Give back, exactly as written, the lines from the first line of the data below through the line with "줄무늬 반팔 니트 폴로", and omit the pictures.

====== Information provided ======

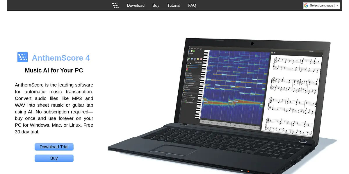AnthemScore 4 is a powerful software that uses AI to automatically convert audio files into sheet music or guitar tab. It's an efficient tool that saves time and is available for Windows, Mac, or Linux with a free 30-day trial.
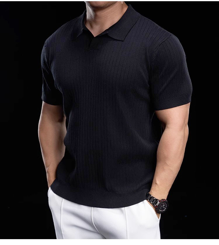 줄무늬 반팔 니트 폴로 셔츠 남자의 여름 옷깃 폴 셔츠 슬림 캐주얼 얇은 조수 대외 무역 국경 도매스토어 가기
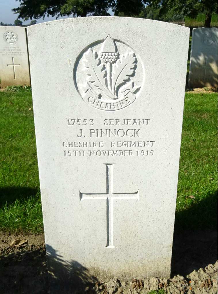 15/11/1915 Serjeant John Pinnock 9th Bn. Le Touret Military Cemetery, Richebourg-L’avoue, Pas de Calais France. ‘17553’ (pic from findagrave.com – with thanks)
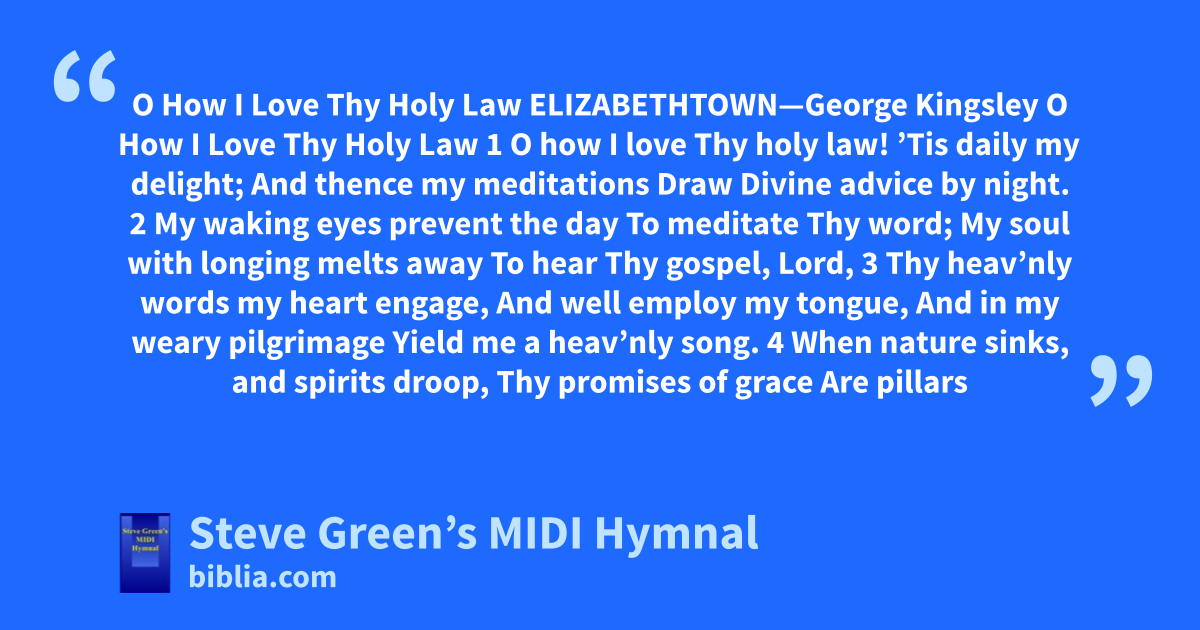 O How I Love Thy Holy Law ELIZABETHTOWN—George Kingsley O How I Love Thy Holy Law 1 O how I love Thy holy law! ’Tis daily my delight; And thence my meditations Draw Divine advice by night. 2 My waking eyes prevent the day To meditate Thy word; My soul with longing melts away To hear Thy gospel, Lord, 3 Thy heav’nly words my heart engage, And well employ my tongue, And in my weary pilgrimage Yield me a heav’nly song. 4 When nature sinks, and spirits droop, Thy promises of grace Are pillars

======

> **Solved exercise**:
AnthemScore 4 is a powerful software that uses AI to automatically convert audio files into sheet music or guitar tab. It's an efficient tool that saves time and is available for Windows, Mac, or Linux with a free 30-day trial.
 줄무늬 반팔 니트 폴로 셔츠 남자의 여름 옷깃 폴 셔츠 슬림 캐주얼 얇은 조수 대외 무역 국경 도매스토어 가기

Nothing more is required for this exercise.